米iSuppliは現地時間2010年4月7日、米Appleのタブレット端末「iPad」の実機を分解して調査した原価分析結果を発表した。それによると、希望小売価格が499ドルの16Gバイト・モデル(3G非対応)は、部品原価が250.60ドル、製造コストを含めると259.60ドルになった。

 ディスプレイやタッチスクリーンなどのユーザーインタフェース関連の部品の合計は109.50ドルで、全部品に占める割合は43.7%だった。「従来の電子機器とは大きく異なる部品構成だ」とiSuppliは指摘する。iSuppliディレクター兼主席アナリストのAndrew Rassweiler氏は、「iPadはコンピューティング、無線通信、消費者の世界を大きく変える可能性を持った製品だが、電子機器の設計手法の分野ではすでに変革をもたらしている」と述べている。

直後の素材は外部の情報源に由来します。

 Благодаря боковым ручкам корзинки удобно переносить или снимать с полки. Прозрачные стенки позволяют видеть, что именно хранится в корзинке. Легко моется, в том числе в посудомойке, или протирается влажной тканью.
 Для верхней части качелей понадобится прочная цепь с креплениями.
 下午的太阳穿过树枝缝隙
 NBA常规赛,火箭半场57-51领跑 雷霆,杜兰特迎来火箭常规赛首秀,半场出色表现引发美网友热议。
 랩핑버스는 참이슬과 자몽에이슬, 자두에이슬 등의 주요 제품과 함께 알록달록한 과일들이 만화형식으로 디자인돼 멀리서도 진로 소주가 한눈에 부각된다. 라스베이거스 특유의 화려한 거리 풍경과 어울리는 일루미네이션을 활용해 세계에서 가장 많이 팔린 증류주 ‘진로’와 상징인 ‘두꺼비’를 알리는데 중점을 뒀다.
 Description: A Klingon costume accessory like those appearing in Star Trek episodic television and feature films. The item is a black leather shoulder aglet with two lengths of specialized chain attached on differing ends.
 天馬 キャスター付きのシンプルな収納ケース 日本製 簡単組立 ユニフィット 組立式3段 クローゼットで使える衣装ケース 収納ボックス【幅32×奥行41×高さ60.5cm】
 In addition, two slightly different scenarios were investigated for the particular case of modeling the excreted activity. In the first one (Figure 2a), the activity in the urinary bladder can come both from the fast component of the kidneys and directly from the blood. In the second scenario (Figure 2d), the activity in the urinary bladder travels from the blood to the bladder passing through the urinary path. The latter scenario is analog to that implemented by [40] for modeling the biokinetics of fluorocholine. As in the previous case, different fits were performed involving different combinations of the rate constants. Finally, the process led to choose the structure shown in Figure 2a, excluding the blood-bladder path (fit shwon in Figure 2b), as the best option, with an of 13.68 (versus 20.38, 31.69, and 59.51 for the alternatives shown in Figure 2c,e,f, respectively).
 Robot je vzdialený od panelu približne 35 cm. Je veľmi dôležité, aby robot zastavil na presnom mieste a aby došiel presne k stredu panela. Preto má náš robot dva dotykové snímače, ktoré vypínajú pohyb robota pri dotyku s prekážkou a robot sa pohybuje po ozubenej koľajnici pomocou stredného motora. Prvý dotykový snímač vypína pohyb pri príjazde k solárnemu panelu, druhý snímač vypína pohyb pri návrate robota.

 「新たなパラダイムだ。従来のノートパソコンはマザーボードを中心に設計されている、iPadは、ヒューマン・マシン・インタフェースを中心とした設計だ。プリント基板や集積回路は、すべてコンテンツの表示や、ユーザーの入力を円滑にするために配置されている」(同氏)

 単体で最も高い部品はディスプレイで、その推定原価は65ドル。部品全体の25.9%を占める。液晶パネルの駆動方式はIPS(In-Place-Switching)を採用しており、広い視野角で映像コンテンツを楽しめるよう配慮しているという。 iSuppliが分解した実機のディスプレイ供給メーカーは韓国LG Displayだった。

 次に高い部品はタッチスクリーンで、原価は30ドル。全体の12%を占める。供給メーカーは台湾Wintekだった。分解した16Gバイト・モデルは韓国Samsung Electronics製のフラッシュメモリーを搭載しており、その原価は29.50ドル。またTDK傘下の香港Amperex Technology製のバッテリーの原価は21ドル、A4プロセッサとGPU(Samsung製)の原価は19.50ドルと推定している。

 このほか米Broadcom製の無線LAN、Bluetoothチップ(8.05ドル)、Broadcom製タッチスクリーン・コントローラ(2.30ドル)、ドイツDialog Semiconductor製電源管理チップ(2.10.ドル)、米Texas Instruments製タッチスクリーン・ドライバ・チップ(1.80ドル)を搭載していた。

 なおiSuppliが発売前の製品を“仮想分解”して行った先の分析では、部品原価が219.35ドル、製造コストを含めた場合は229.35ドルになるとしていた(関連記事:AppleのiPad、32Gバイト・モデルの推定原価は287.15ドル---iSuppli試算)。今回の調査では、ディスプレイ、バッテリー、ユーザーインタフェース・コントローラ、電源管理チップのコストが先の予測値より上回ったと説明している。